According to the seventh aspect of the present invention, since the expansion joint is provided between the server unit and the floor around the server unit, horizontal displacement of the server unit during an earthquake is allowed without any trouble, and the server rack and the floor around the server rack are allowed. The surface can be prevented from being damaged.

[Brief description of the drawings]

FIG. 1 is an elevational view showing an installation example of a server unit according to an embodiment of the present invention.

FIG. 2 is a perspective view of the server unit.

FIG. 3 is a diagram showing an example of installation of a conventional server rack.

FIG. 4 is a diagram showing another example of installation of a conventional server rack.
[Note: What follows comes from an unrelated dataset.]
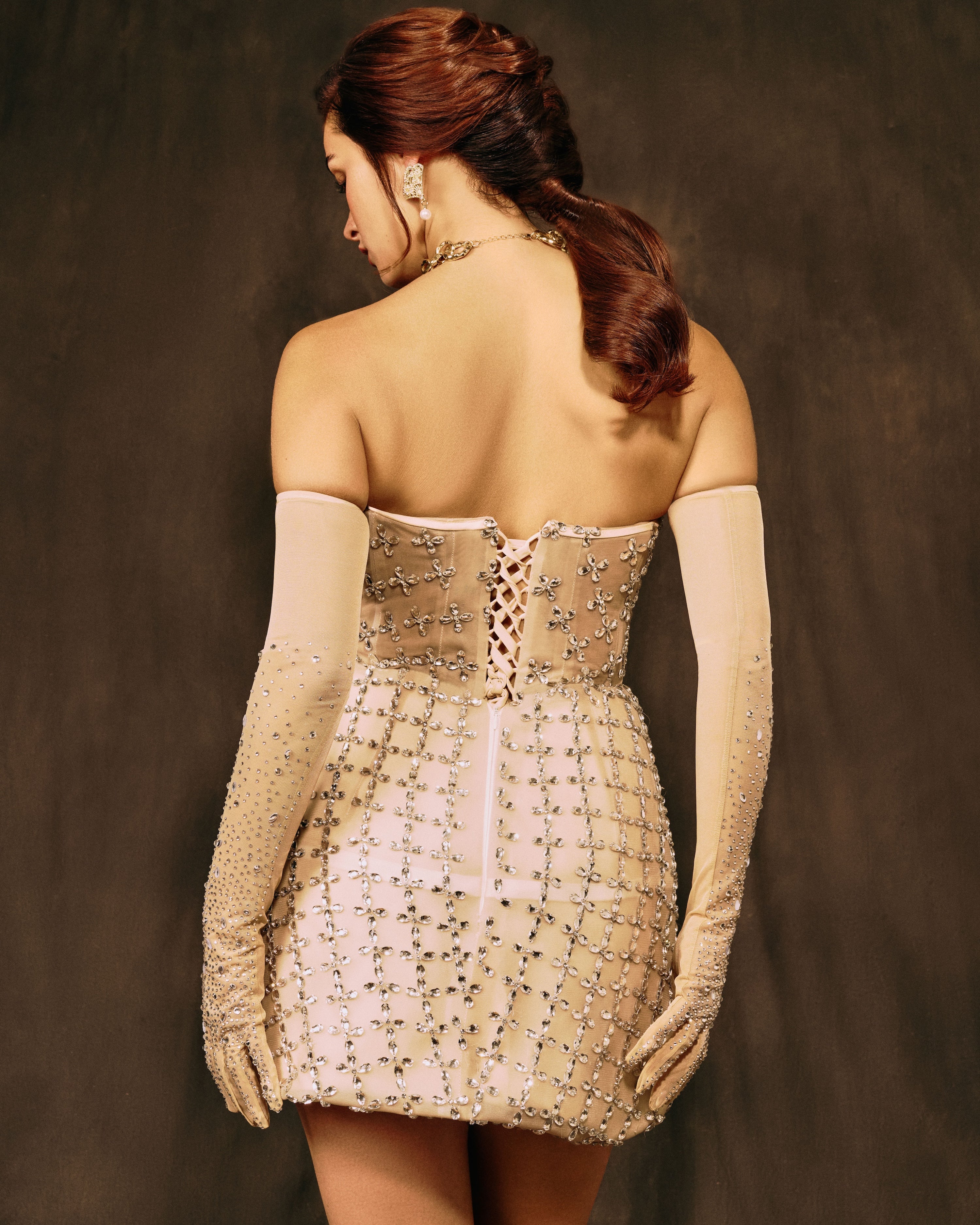 NADINE lets you shine like a radiant diamond in a mini organza dress that beautifully complements all skin tones. Expertly structured with boning, it provides a flattering silhouette enhanced by delicate flower-patterned crystals that catch the light with every movement. The elegant corset enclosure offers subtle support and shapes your figure with sophistication. Perfect for the bride seeking a refined yet eye-catching look, NADINE blends intricate details and modern design to create a memorable presence on your special day. Embrace elegance and sparkle with every step you take.

FIG. 5 is a diagram showing still another installation example of a conventional server rack.

[Explanation of symbols]

 Reference Signs List 3 server rack 4 free access floor 10 server unit 11 maintenance passage 12 head connecting member 13 bottom connecting member 14 lighting device 15 seismic isolation device 16 caster 17 restoration spring 18 expansion joint

 ──────────────────────────────────────────────────続 き Continuing on the front page (72) Inventor Shoji Nakamura 1-3-2 Shibaura, Minato-ku, Tokyo Shimizu Corporation (72) Inventor Mitsuo Endo 1-2-3 Shibaura, Minato-ku, Tokyo Shimizu Construction Co., Ltd. (72) Inventor Ryoji Satsuma 1-3-2 Shibaura, Minato-ku, Tokyo Shimizu Corporation F-term (reference) 3J048 AA03 AB01 AC01 BC02 BG02 BG04 DA05 EA13 EA38

Claims (7)

[Claims] A plurality of server racks accommodating a large number of servers in multiple stages are juxtaposed with a maintenance passage secured therebetween, and the bottom portions of the server racks are connected by a bottom connecting member to be integrated. A server unit characterized in that: 2. The server unit according to claim 1, wherein the heads of the server rack are connected together by a head connecting member to be integrated. 3. The server unit according to claim 2, wherein the head connecting member forms a wiring path for passing a trunk cable routed between the server racks.
A server unit, wherein a lighting device is installed on the head connecting member at a position of a ceiling of the maintenance passage. 4. The server unit according to claim 1, wherein said bottom connecting member forms a wiring path for passing trunk cables laid between server racks. A server unit, wherein an upper surface of the bottom connecting member continuously forms a floor surface of the maintenance passage with a peripheral floor surface without any step. 5. The server unit according to claim 1, 2, 3, or 4, wherein the server unit is provided on a bottom surface of the bottom connecting member with a floor surface on which the server unit is installed. A server unit comprising a seismic isolation device for supporting seismic isolation. 6. The server unit according to claim 5, wherein the seismic isolation device includes at least one of a caster that rolls on the floor or a slide bearing that slides on the floor, and the bottom part. A server unit comprising: a connecting member; and a restoring spring for connecting a floor surface. 7. The server unit according to claim 5, wherein an expansion joint for absorbing a horizontal displacement during an earthquake is provided between the server unit and a floor around the server unit. Server unit to do.